======== INFORMATION

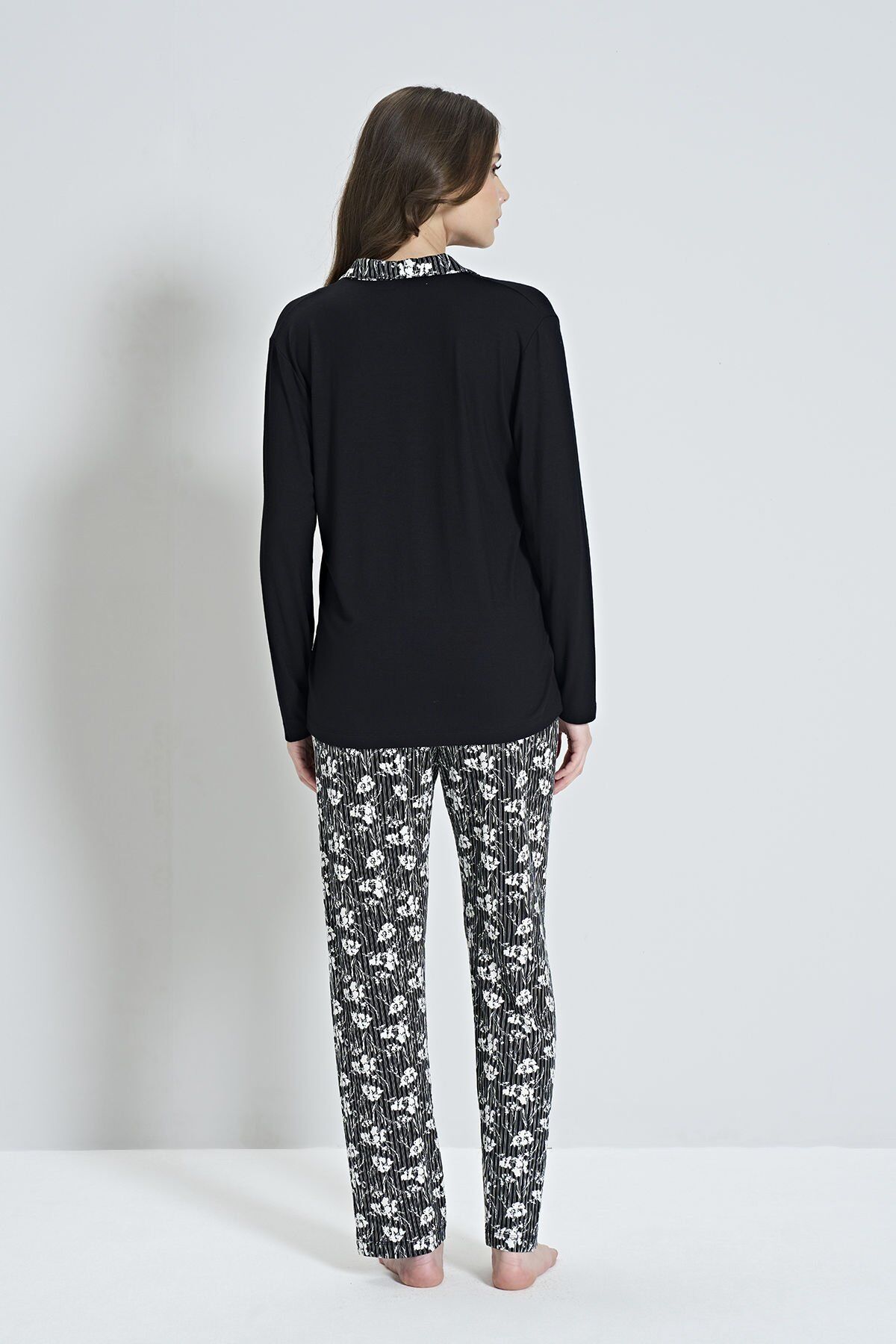 Bu mevsimlik uzun kol pijama takımı, rahatlıkla günün stresini atmanı sağlayacak. Yumuşak ve nefes alabilen kumaşı ile kullanıcısına konfor sunarken, şık ve şık bir görünüm de sağlar. Uyku veya dinlenme zamanlarında konforlu bir seçenek arayanlar için ideal bir tercih.
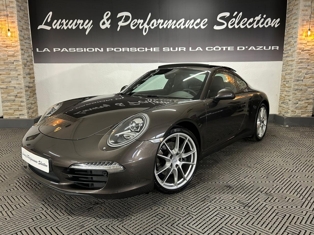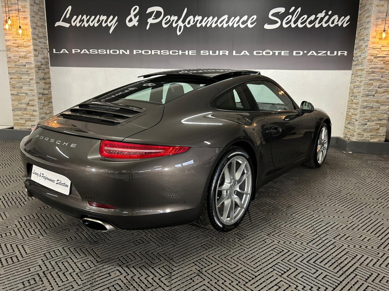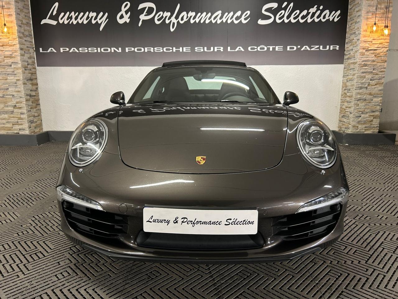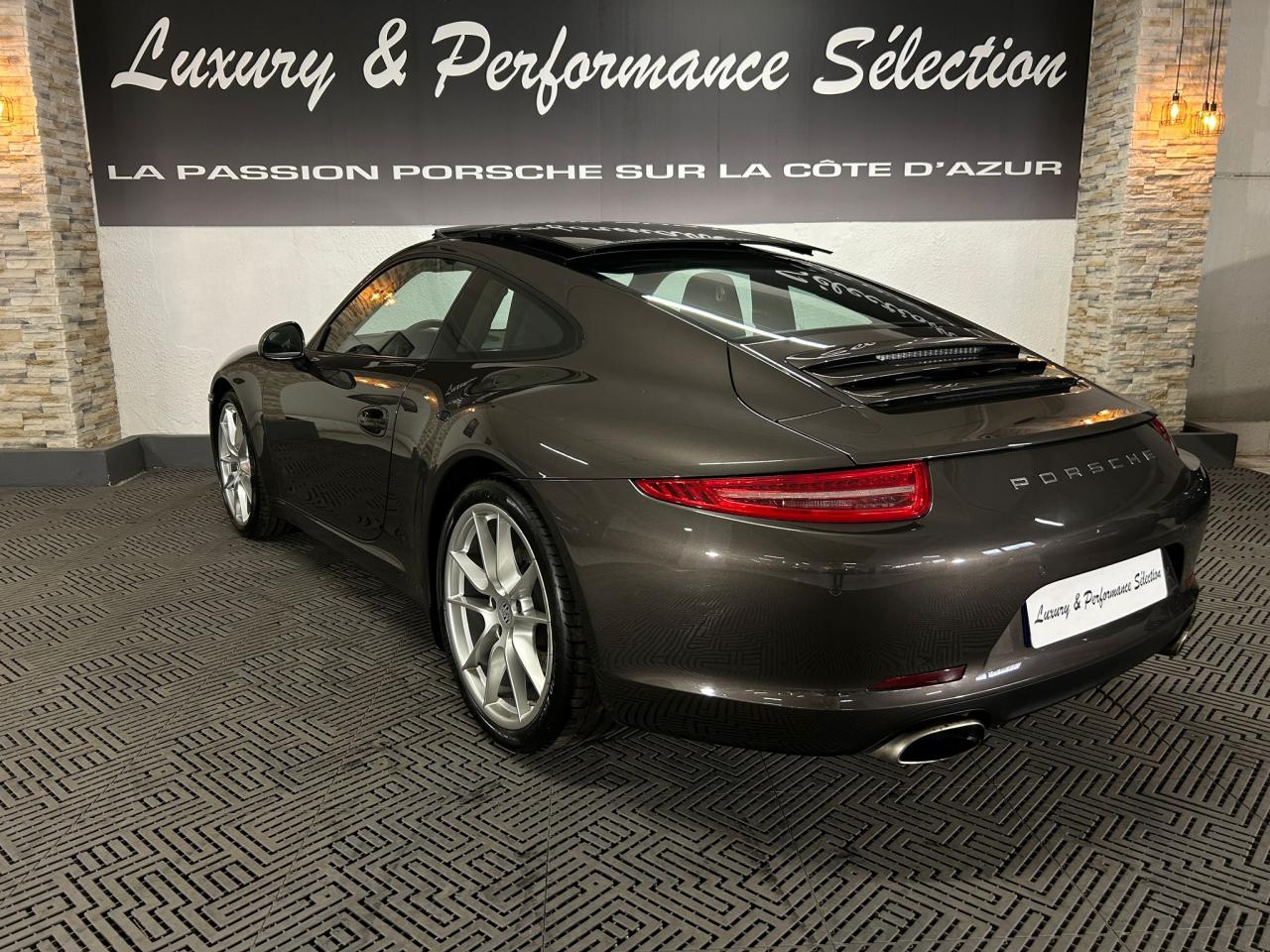 3 prises 12 V (plancher passager avant, boîte à gants, coffre de rangement de la console centrale)5 instruments ronds intégrés dans le cockpitABS (intégré au PSM)Accélérateur électroniqueAffichage analogique : régime, vitesse, pression et température de l'huile, température du liquide de refroidissement et jauge de carburantAffichage de la vitesse engagée, sur le compte-toursAileron arrière à déploiement automatiqueAirbags grand volume (deux niveaux de déclenchement) pour le conducteur et le passagerAppuie-tête intégrés aux sièges avantAssistance automatique à l'utilisation des feux de croisement comprenant l'éclairage d'accompagnementBaguettes de seuil de porte avec monogrammeBandes centrales et latérales des sièges avant et appuie-tête en cuir estampéBloc moteur et culasse en aluminiumBlocs optiques additionnels séparés, intégrés dans le bouclier avant, incluant les feux de jour et de position ainsi que les clignotants à diodes électroluminescentesBobines d allumage séparées, distribution, statique à haute tensionBoîte à gants grand volume verrouillableBouclier avant avec entrées d'air intégréesBoucliers avant et arrière déformables, avec pare-chocs intégrés (en alliage léger) fixés sur des absorbeurs de chocsCapot de coffre, portes et capot arrière en aluminiumCatadioptres intégrés au bouclier arrièreCeintures de sécurité à 3 points à l'avant et à l'arrière, boucles de ceintures sur les siègesCiel de toit et montant de lunette arrière en alcantaraClimatisation automatique bi-zone avec réglage individuel de la température pour le conducteur et le passager avant, commande automatique du recyclage de l'air avec capteur de qualité d'air et fonction chaleur résiduelleCompensation hydraulique du jeu des soupapesConcept d'éclairage blanc pour l'ensemble de l'habitacle avec rhéostat progressifConception allégée intelligente acier/aluminiumConsole centrale montante avec barrettes de commandes, un vide-poches et un coffre de rangement fermé comportant une prise 12 VCoupé 2+2 placesCouronne du volant, leviers de vitesse et de frein à main, poignées de porte, accoudoirs et coffre de rangement de la console centrale en cuir lisseCrochets porte-vêtement au dos des sièges avant et sur les montants latérauxDeux catalyseurs à 3 voiesDirection assistée électromécanique à démultiplication variable et impulsionDispositif antidémarrage avec verrouillage centralisé et télécommande, dispositif de sécurité, système d'alarme et alarme volumétriqueDispositif de contrôle de l'usure des freins sur chaque plaquetteDisques de frein de 330 mm de diamètre à l'avant et à l'arrièreÉléments en Argent galvanisé : buses d'aération, baguettes décoratives du tableau de bord, cache de la console centrale, poignée de la boîte à gants, poignées et baguettes de parement des portesEssieu arrière multibras avec barres stabilisatricesEssieu avant avec jambes de force McPherson et barres stabilisatricesEssuie-glaces avant aérodynamiques, à deux vitesses de balayage, commande intermittente réglable et buses de lave-glace chauffantesEtriers de frein noirsEtriers fixes monobloc fermés, en aluminium, à 4 pistons à l'avant et à l'arrière, disques de frein ventilés et ajourésFeux arrière comprenant les feux de recul et les clignotants, le feu antibrouillard arrière ainsi que le troisième feu stop et l'éclairage de la plaque minéralogique à diodes électroluminescentesFiltre à charbon actif retenant les particules et les pollensFonction Stop-Start automatiqueFonds de compteur (compte-tours compris) noirsFrein de parking électriqueInjection directe d'essence (Direct Fuel Injection, DFI)Interface audio universelle (AUX) logée dans la boîte à gants permettant de connecter des lecteurs audio externes (la commande s'effectue à partir du lecteur).Jantes « Carrera » 11 J x 19 pouces en alliage léger avec pneumatiques 285/35 ZR 19 à l'arrièreJantes « Carrera » 8,5 J x 19 pouces en alliage léger avec pneumatiques 235/40 ZR 19 à l'avantKit de réparation des pneus avec compresseur électriqueLève-vitres électriques à impulsion et abaissement séquentielLubrification intégrée à carter secLunette arrière chauffanteMesure de la masse d'air par capteur de pressionModule de gestion électronique du moteur (EMS SDI 9.1)Pack Audio PlusPhares Bi-Xénon avec réglage dynamique de la portée d'éclairage et lave-pharesPlaquette portant l'inscription Carrera devant le levier de vitessePompe à huile à régulation électroniquePorsche Active Suspension Management (PASM) avec abaissement du châssis de 10 mmPorsche Side Impact Protection System (POSIP) comprenant : protection anti-encastrement latérale dans les portes,airbags thorax intégrés dans les bandes extérieures des sièges avant et airbags de tête intégrés dans les contre-portes pour le condPorsche Torque Vectoring (PTV PTV Plus avec la boîte PDK optionnelle) avec différentiel arrière à glissement limité mécanique avec blocage asymétrique (22% en accélération et 27% en décélération)Pré-équipement pour l'installation en seconde monte du dispositif ISOFIX/Top-Tether destiné à fixer le siège enfant sur le siège passager avantPré-équipement pour le montage d'un système de transport sur toitPrétensionneurs de ceinture à l'avantRangement supplémentaire derrière les sièges arrièreRécupération d'énergie pour l'électronique embarquéeRefroidissement par eau, avec gestion thermique du moteur et de la boîte de vitesseRégulation sélective du cliquetisRégulation stéréo par sondes LambdaRétroviseurs extérieurs électriques chauffants, sur les portes, asphérique côté conducteurSièges arrière rabattables individuellementSièges sport avec réglage électrique des dossiers et réglage manuel de la profondeur et de la hauteur des assisesSignature Porsche et monogramme arrière (« 911 Carrera » ou « 911 Carrera S ») chromé, fi
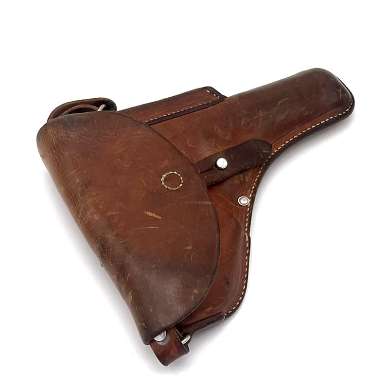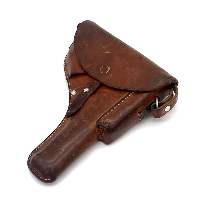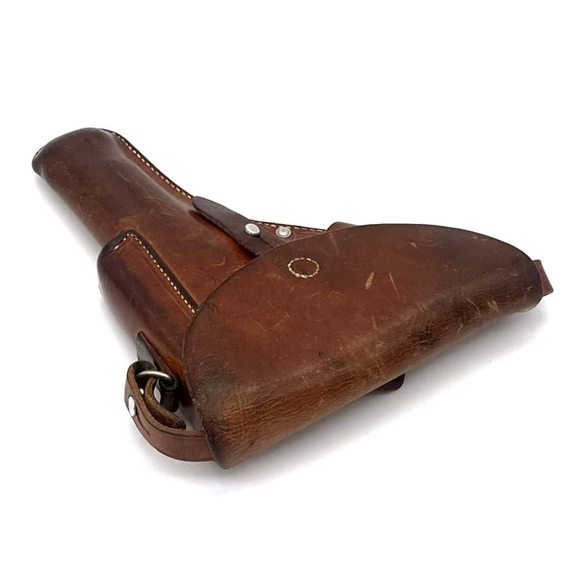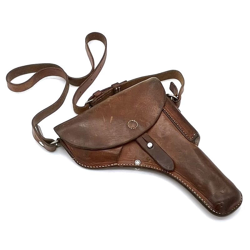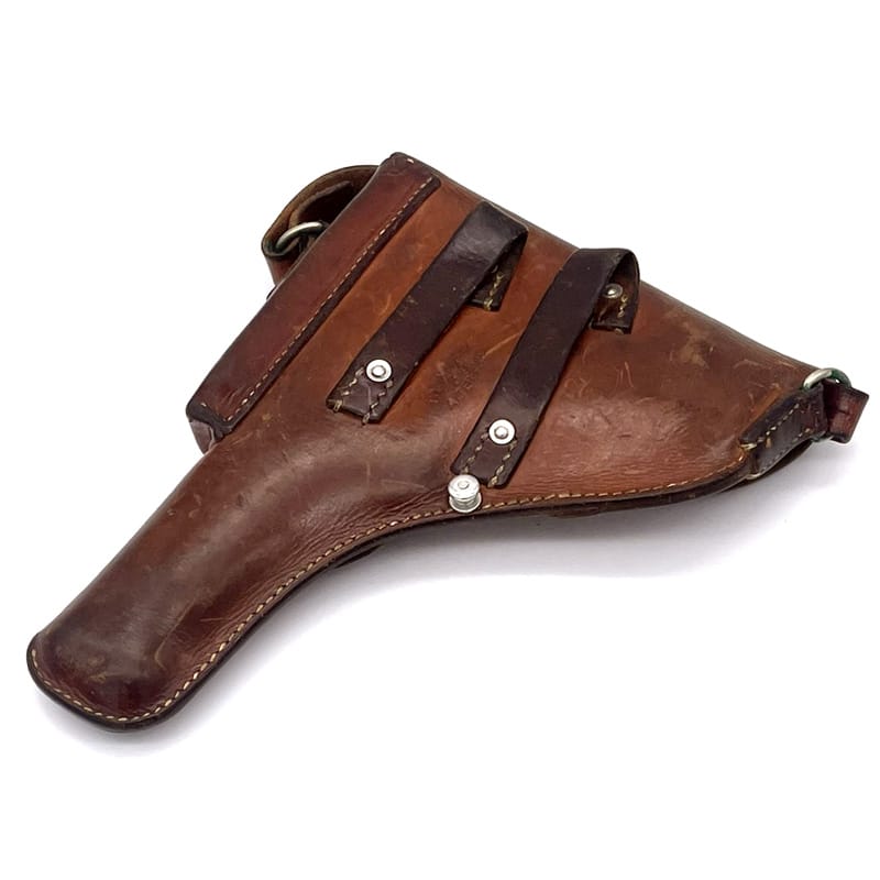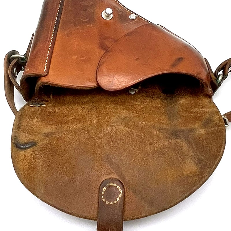Pistolenholster für P49 (SIG P210) aus Leder, Magazintasche auf der Vorderseite befindlich. Inklusive Trageriemen. Holster: Sattler ED. Tinguely Alterswil 1963, Abnahmestempel „J“ auf Deckelinnenseite vorhanden. Trageriemen: Abnahmestempel „RK“ auf Trageriemen ersichtlich, Sattler A. Mollet Tavannes. Trageriemen aus dem Jahr 1970.
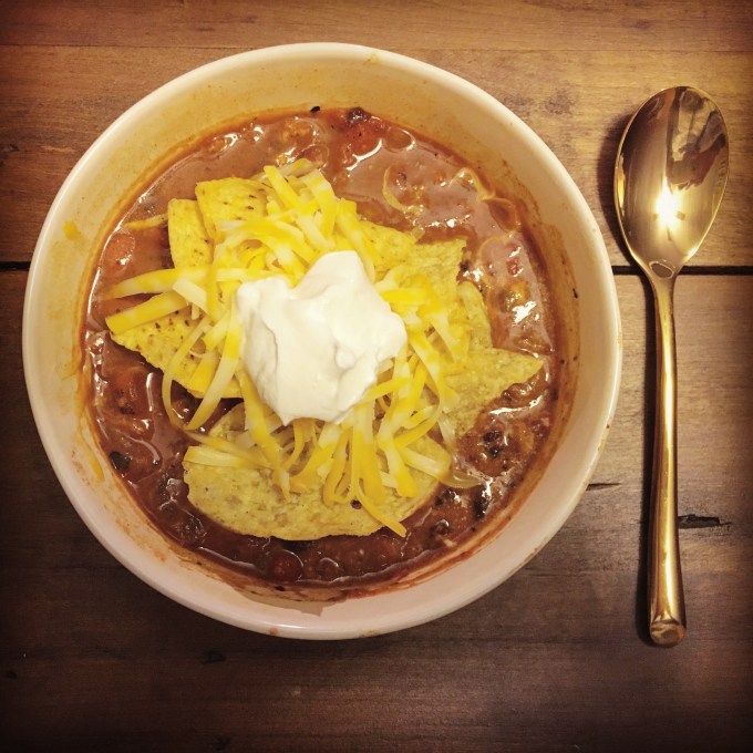 - Simmer for one hour. Season with salt and pepper, if desired. Serve with cheese, sour cream, and tortilla chips.
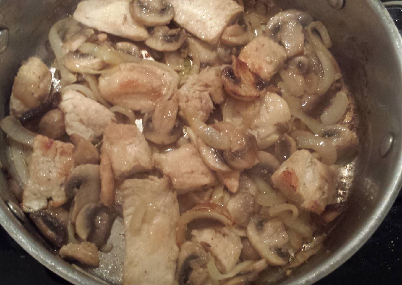 - Turn burner on medium and continue to cook until mushrooms and onions are cooked and chicken starts to brown a little.
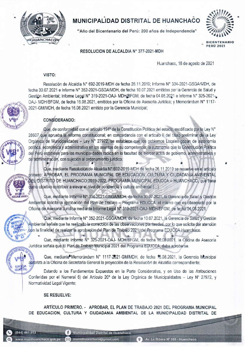 La presente Resolución aprueba el Plan de Trabajo 2021 del Programa Municipal de Educación, Cultura y Ciudadanía Ambiental de la Municipalidad Distrital de Huanchaco, con la finalidad de definir las actividades de educación, cultura y ciudadanía ambiental que se desarrollarán en la localidad durante el presente año.
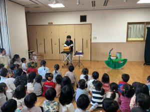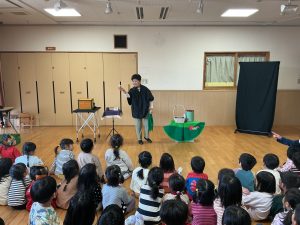 次の手品は、『はらぺこあおむし』のお話しに合わせて次々に食べ物が、空の筒や箱から出てきました。最後には山下さんがちょうちょになって登場!「すごーい!」と大きな歓声が起こりました!
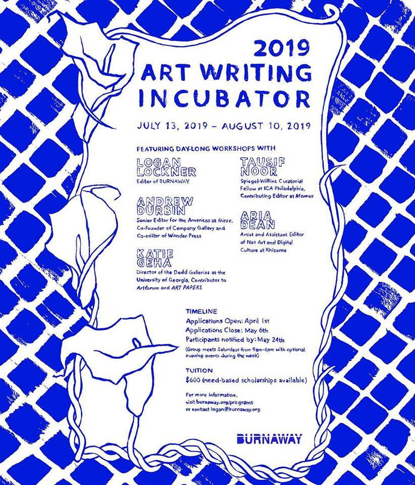 BURNAWAY’s annual professional development intensive, Art Writing Incubator, will return for its seventh cycle in Summer 2019. Over the course of five weeks in July and August, selected participants will strengthen their abilities as writers, develop professional practices for editorial environments, and study the history of magazines and alternative publishing within the broader context of contemporary art.
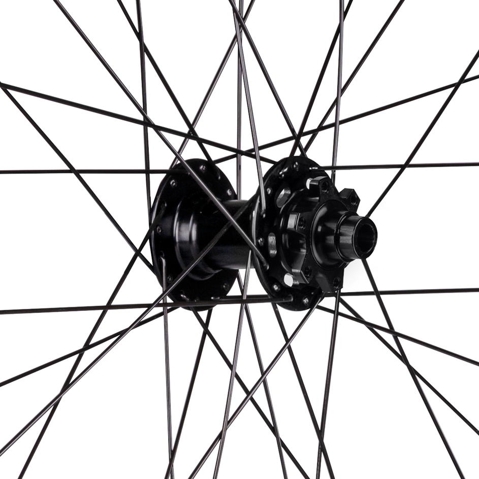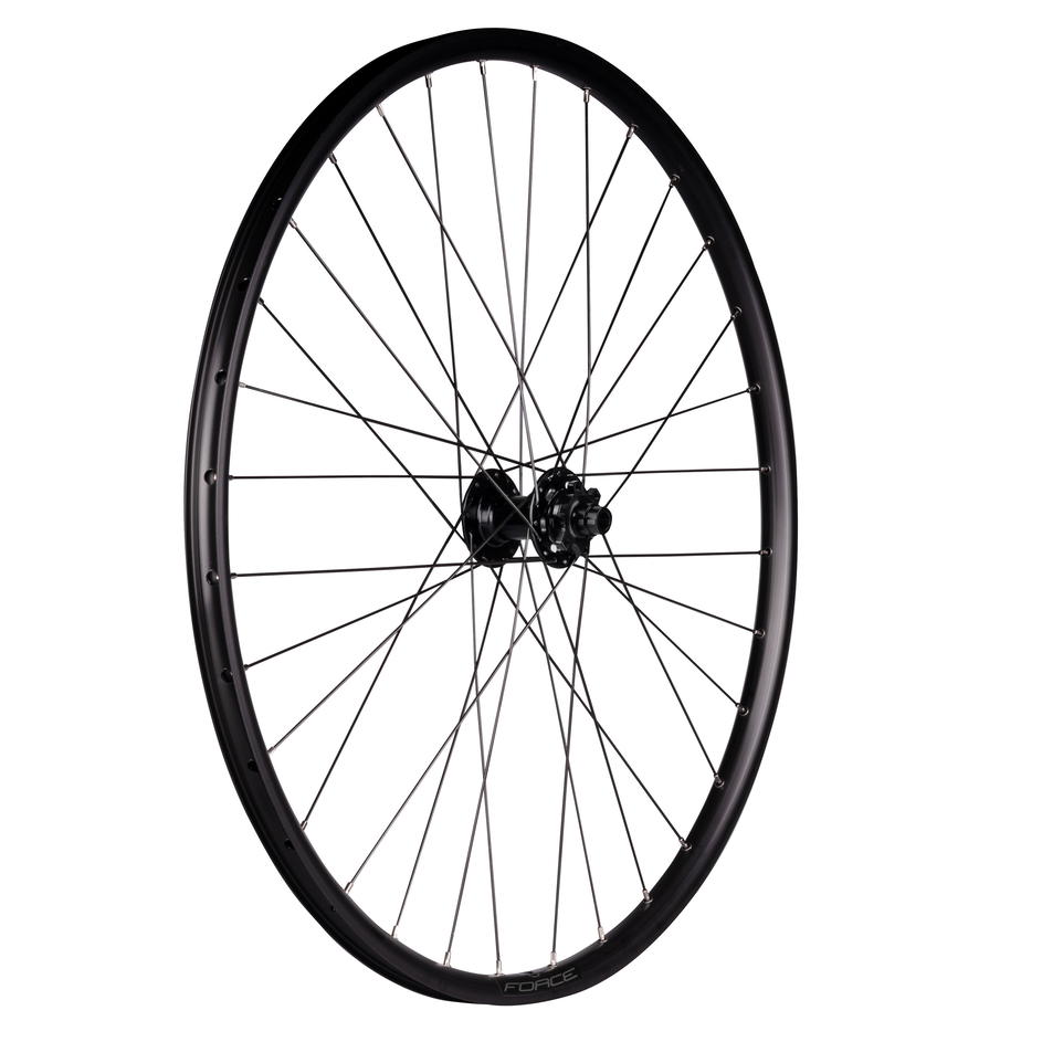 náboj FORCE 804385 pro 6 děrové brzdové kotouče průmyslová ložiska, osa: 15 x 110 mm ráfek 29" FORCE XC DISC 622x27, tubeless ready 32 děr, jednoduché nýty výška ráfku: 21 mm, otvor pro ventilek: 6,5 mm materiál ráfku: Al hliník, černý materiál drátů: nerez, černé hmotnost: 1 051 g

================

## WHAT IS EXPECTED
Omitting all pictures, restate word for word the lines from the one containing "次の手品は、『はらぺこあおむ" through the last line of the data.

## ANSWER BELOW
 次の手品は、『はらぺこあおむし』のお話しに合わせて次々に食べ物が、空の筒や箱から出てきました。最後には山下さんがちょうちょになって登場!「すごーい!」と大きな歓声が起こりました!
 BURNAWAY’s annual professional development intensive, Art Writing Incubator, will return for its seventh cycle in Summer 2019. Over the course of five weeks in July and August, selected participants will strengthen their abilities as writers, develop professional practices for editorial environments, and study the history of magazines and alternative publishing within the broader context of contemporary art.
 náboj FORCE 804385 pro 6 děrové brzdové kotouče průmyslová ložiska, osa: 15 x 110 mm ráfek 29" FORCE XC DISC 622x27, tubeless ready 32 děr, jednoduché nýty výška ráfku: 21 mm, otvor pro ventilek: 6,5 mm materiál ráfku: Al hliník, černý materiál drátů: nerez, černé hmotnost: 1 051 g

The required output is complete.